[[ Records provided, beginning ]]

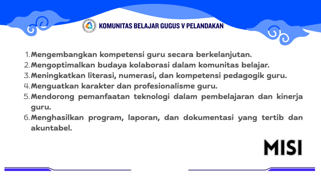 Inilah 6 Misi nyata kami di Komunitas Belajar Gugus V Pelandakan untuk mewujudkan visi guru yang profesional dan berkelanjutan.
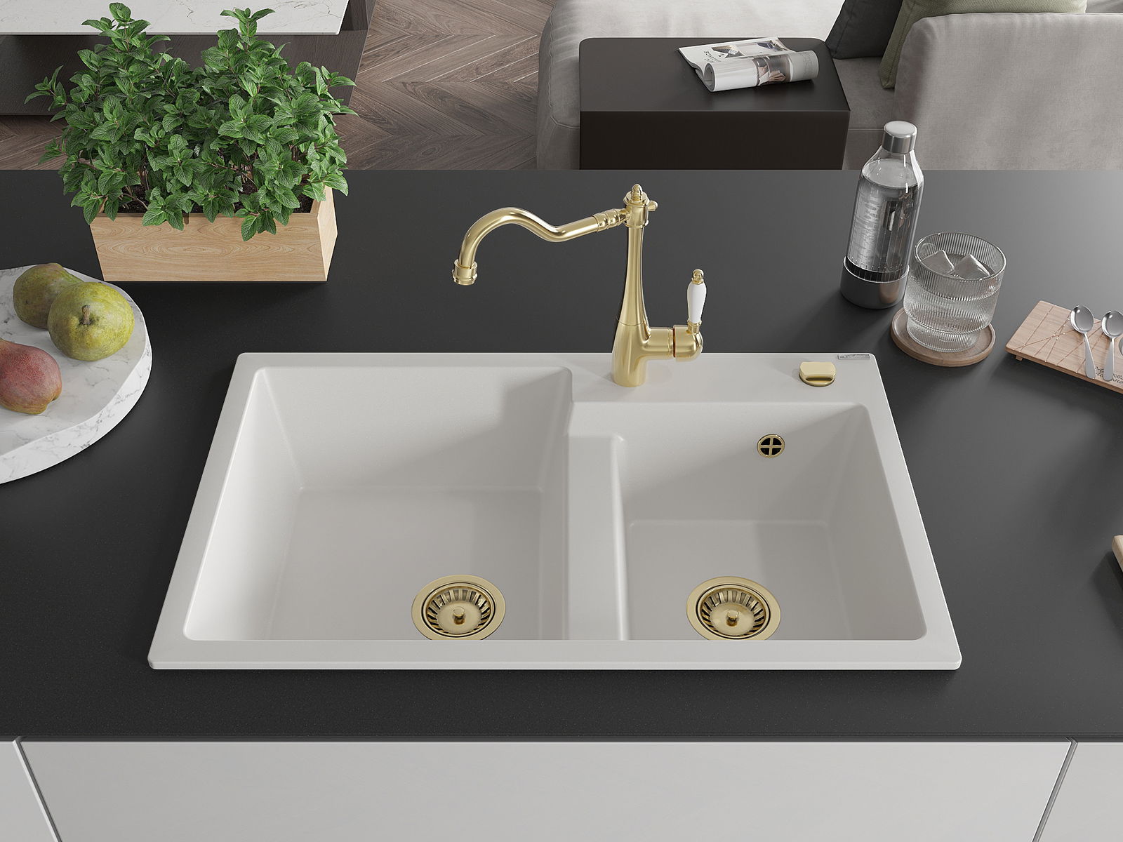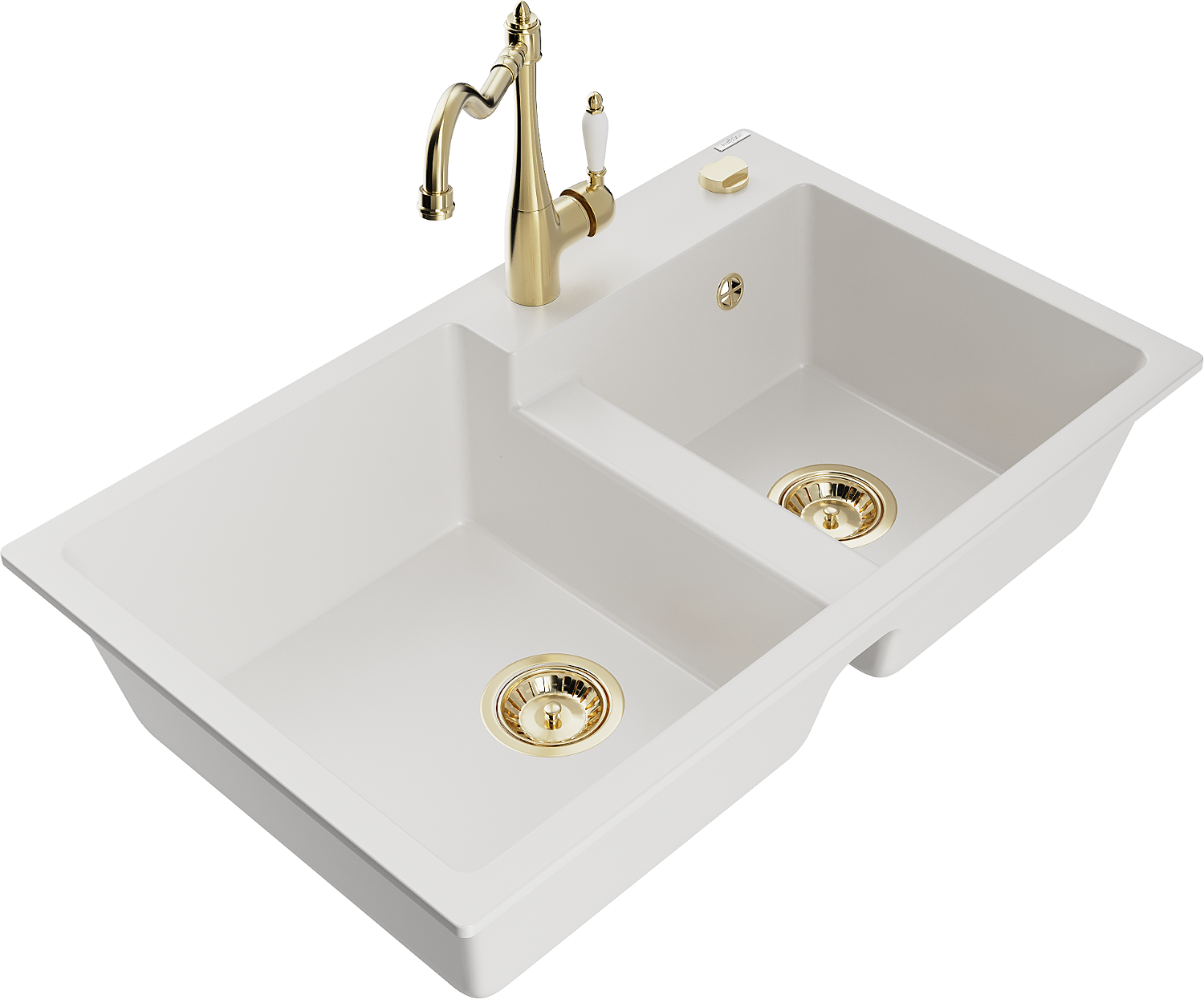 Mexen Tomas νεροχύτης γρανίτης 2-θαλάμων με μπαταρία κουζίνας Carla, λευκός
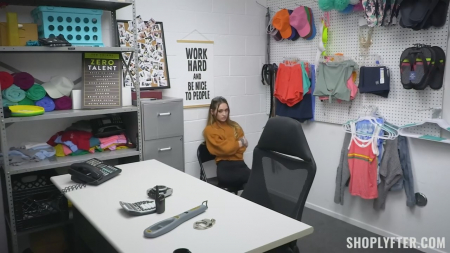 Охранник заметил по камерам наблюдения как покупательница ворует дорогие часы и пытается покинуть с ними магазин. Девушку задержали, отвели в подсобку, попросив подождать приезда отца. Довольно долго пришлось томиться в одиночестве, не сознаваясь в наглой краже. Появился отчим, который якобы совсем не понимает за что задержали его любимую дочурку, но когда охранник отошел на несколько метров, попытался скинуть украденное к нему в ящик, за чем и был пойман. Извинения тут вовсе не помогут, а улететь можно на длительный срок за косяки. Бдительный мужчина решил проверить нет ли краденного внутри малышки, потому попросил раздеться и просто терпеть, пока он ковыряется в дырочке молоденькой дряни. Батяня на первых порах возмущался, но придумал, по его мнению, гениальный план - если они вместе с охранником выебут девочку в подсобном помещении, то никакой ответственности за содеянное нести не придется. После траха на столе они оба накончали друг после друга в киску.
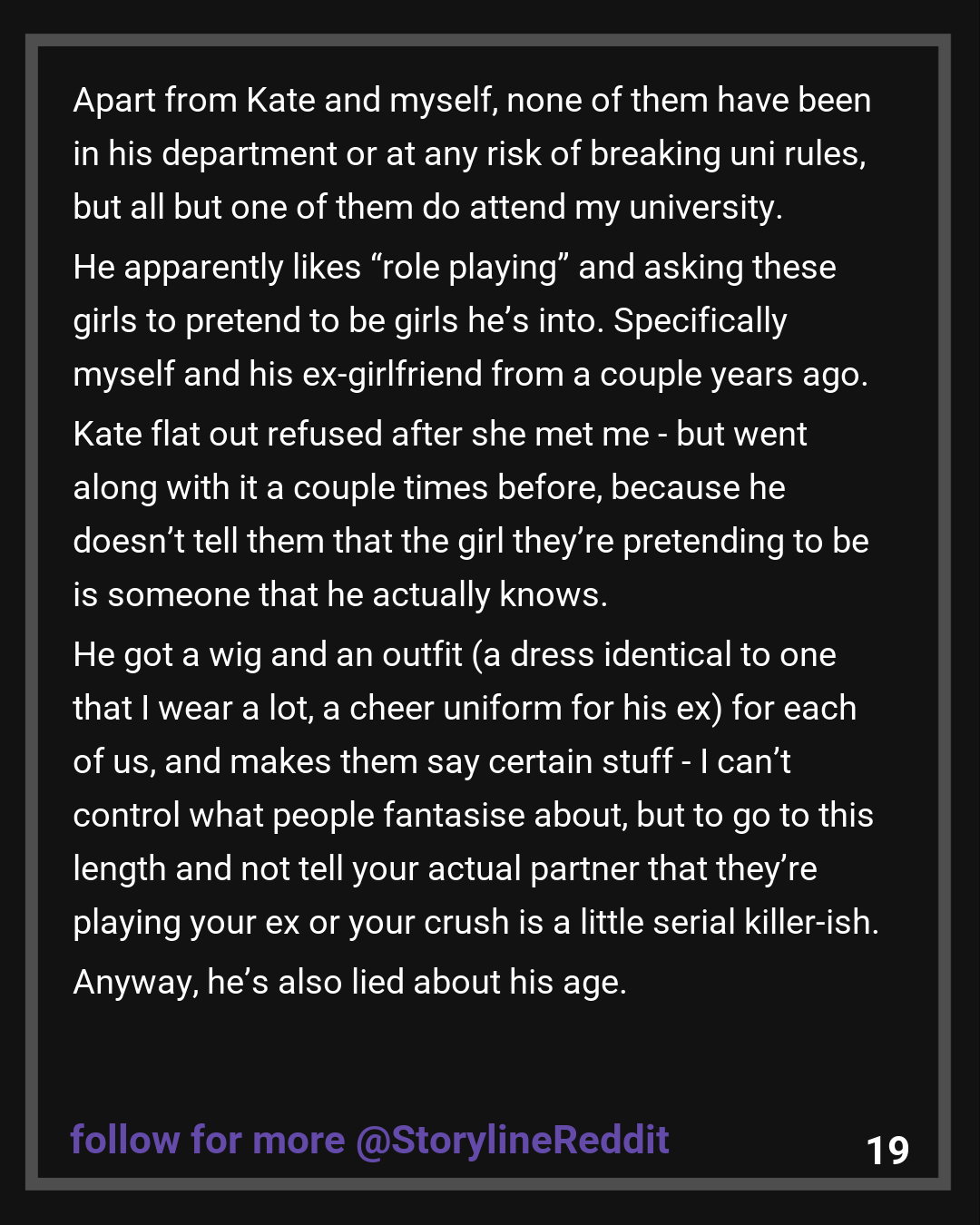 That’s bad enough in itself, but he also admitted to that being a pattern. Of the girls he’s dated, they all seem to be about 5 years younger than him. Apart from Kate and myself, none of them have been in his department or at any risk of breaking uni rules, but all but one of them do attend my university. He apparently likes “role playing” and asking these girls to pretend to be girls he’s into. Specifically myself and his ex-girlfriend from a couple years ago. Kate flat out refused after she met me – but went along with it a couple times before, because he doesn’t tell them that the girl they’re pretending to be is someone that he actually knows. He got a wig and an outfit (a dress identical to one that I wear a lot, a cheer uniform for his ex) for each of us, and makes them say certain stuff – I can’t control what people fantasise about, but to go to this length and not tell your actual partner that they’re playing your ex or your crush is a little serial killer-ish.
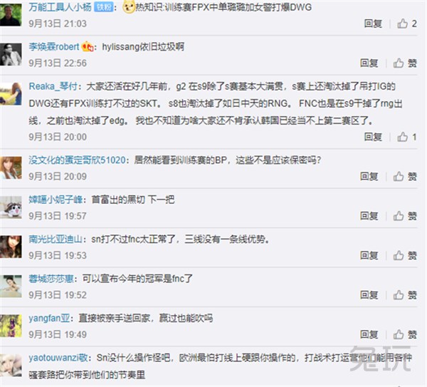 LPL观众则表示,sn的训练赛并不能算数,现在sofm未尽全力,因为训练赛没有被人看到,他也没法“动作”。或者,sn战队只是在藏拙,战队还是一支新队伍,他们的很多特点没有在比赛中展现出来,自然也不会在训练赛中真的尽力,以免被fnc这种世界赛老牌战队给研究透彻了。
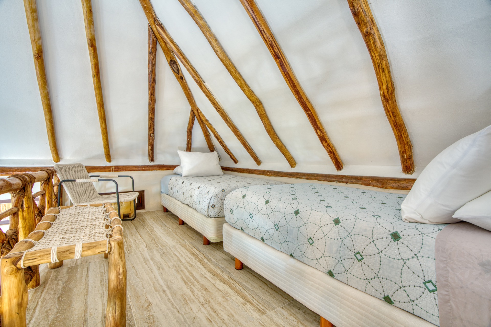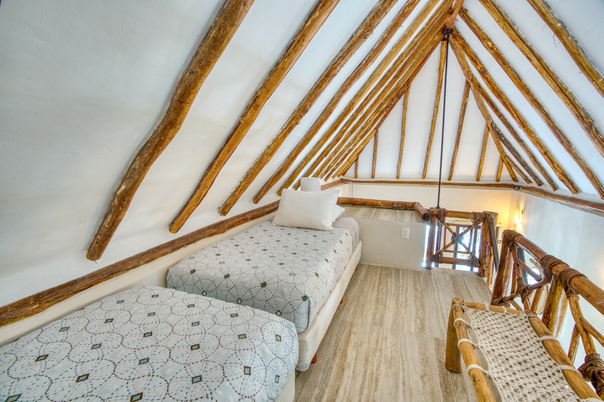 Located on the first level, this spacious room features a king-size bed as its centerpiece. For added flexibility, the room also boasts a unique loft area accessible by a ladder, which includes two single beds. This setup is perfect for families traveling with children. In addition, the room comes with air conditioning, a ceiling fan, WiFi, and a private bathroom for your convenience and comfort.
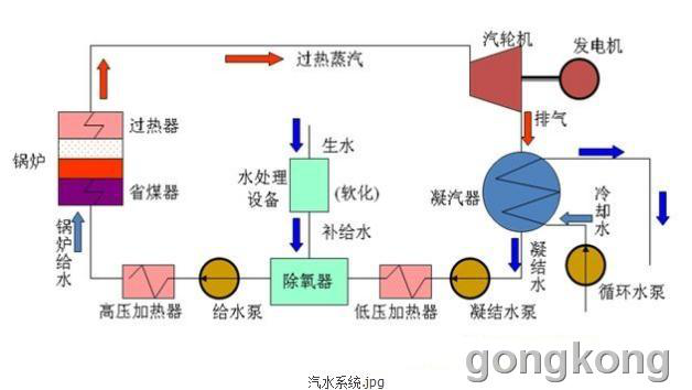 汽水系統(tǒng)(熱力系統(tǒng))產(chǎn)生蒸汽推動汽輪機做功,把熱能轉(zhuǎn)換為機械能。是火電廠動力部分的核心。
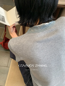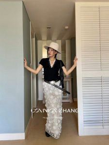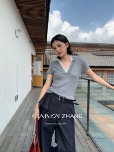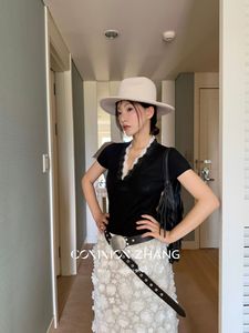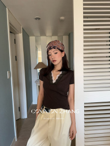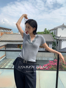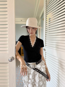 CZ ZHANG秋法式蕾丝拼接V领短袖针织T恤女短款修身针织衫B35297
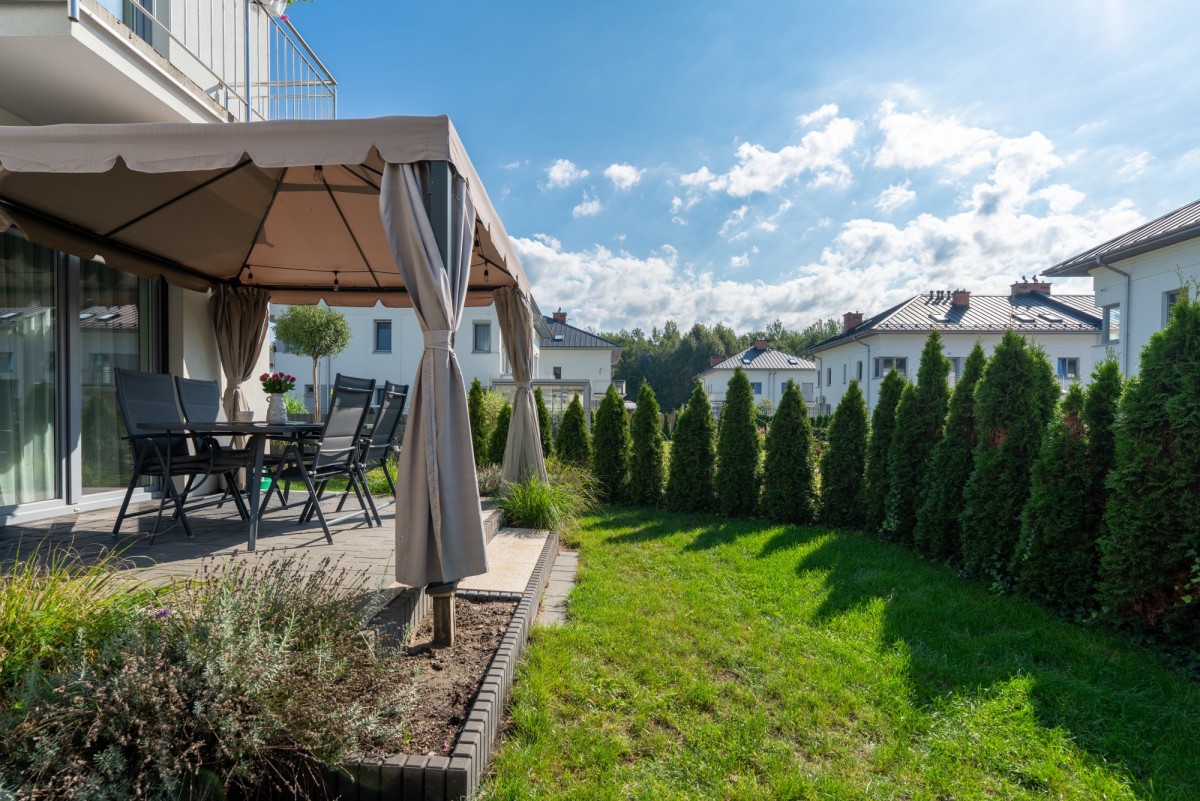 Duży, zielony ogród z tarasem to idealne miejsce na poranną kawę, relaks po pracy, rodzinne posiłki na świeżym powietrzu czy spotkania towarzyskie.

[[ Records provided, end ]]

With pictures excluded, the lines running from the one containing "汽水系統(tǒng)(熱力系" through the last line of the records above are to be restated exactly and in full.

* Exercise solution *
 汽水系統(tǒng)(熱力系統(tǒng))產(chǎn)生蒸汽推動汽輪機做功,把熱能轉(zhuǎn)換為機械能。是火電廠動力部分的核心。
 CZ ZHANG秋法式蕾丝拼接V领短袖针织T恤女短款修身针织衫B35297
 Duży, zielony ogród z tarasem to idealne miejsce na poranną kawę, relaks po pracy, rodzinne posiłki na świeżym powietrzu czy spotkania towarzyskie.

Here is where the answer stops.